**Supplied material:**

::::::::

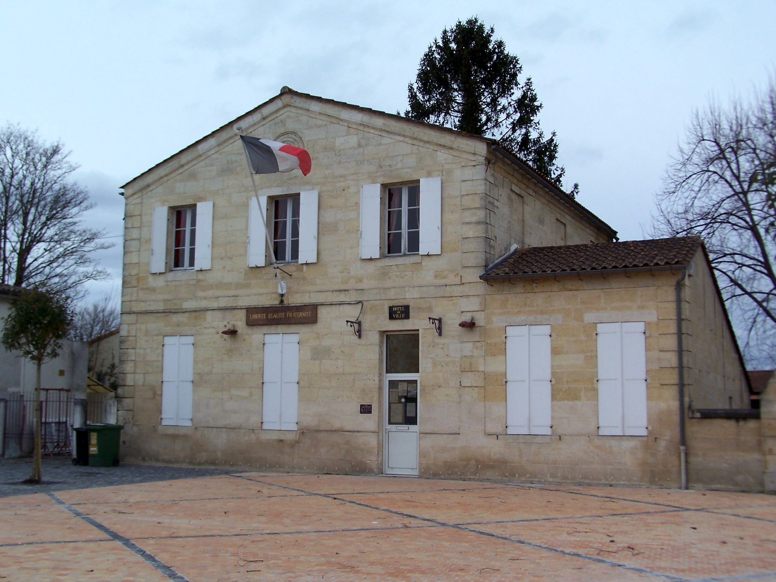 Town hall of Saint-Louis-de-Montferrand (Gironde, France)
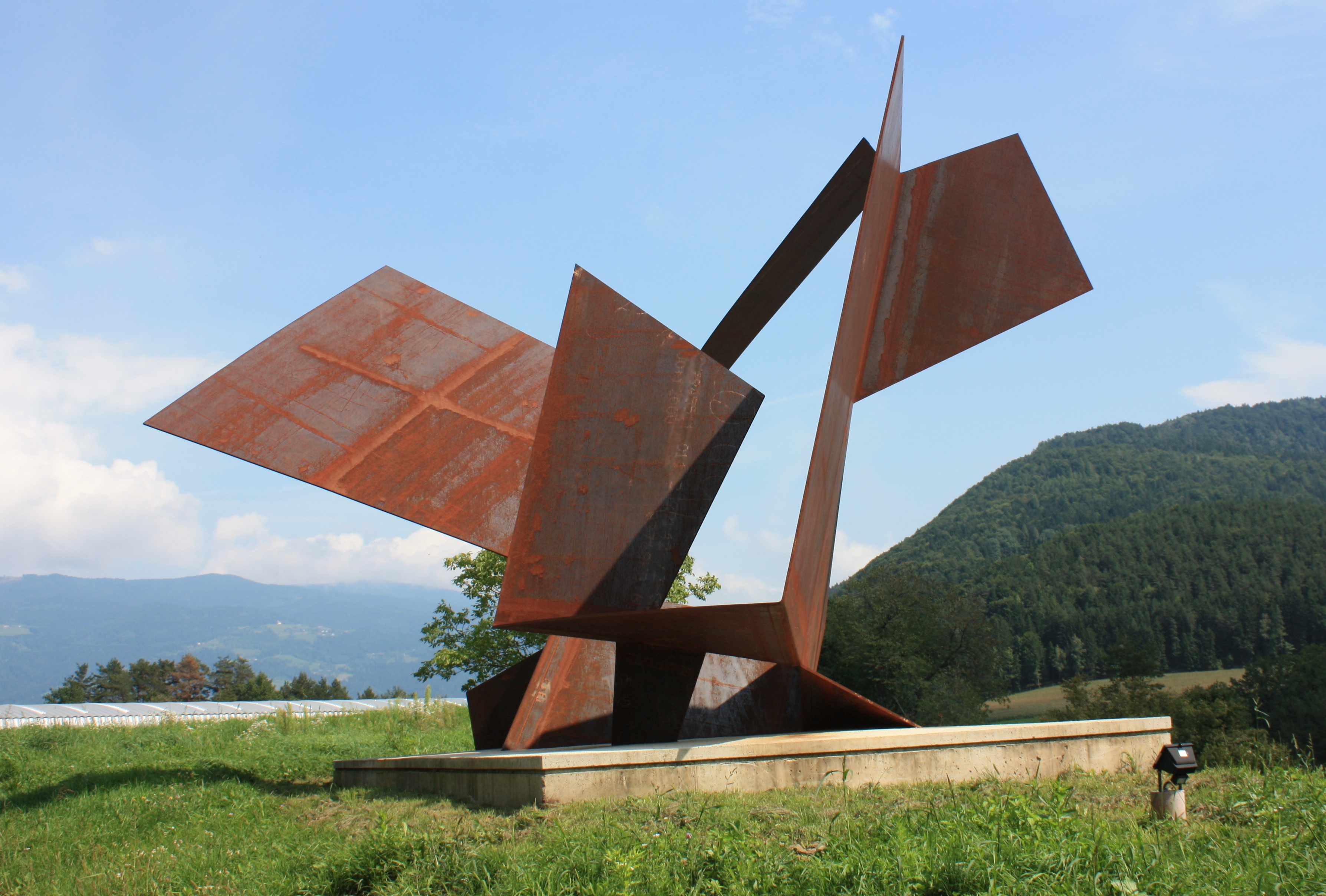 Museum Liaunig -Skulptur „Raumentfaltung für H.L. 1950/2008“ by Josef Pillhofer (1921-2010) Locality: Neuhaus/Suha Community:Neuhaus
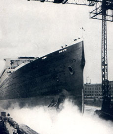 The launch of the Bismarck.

::::::::

**The task:** When you return the listing, keep it exact and omit any pictures it holds.

**Result:**
 Town hall of Saint-Louis-de-Montferrand (Gironde, France)
 Museum Liaunig -Skulptur „Raumentfaltung für H.L. 1950/2008“ by Josef Pillhofer (1921-2010) Locality: Neuhaus/Suha Community:Neuhaus
 The launch of the Bismarck.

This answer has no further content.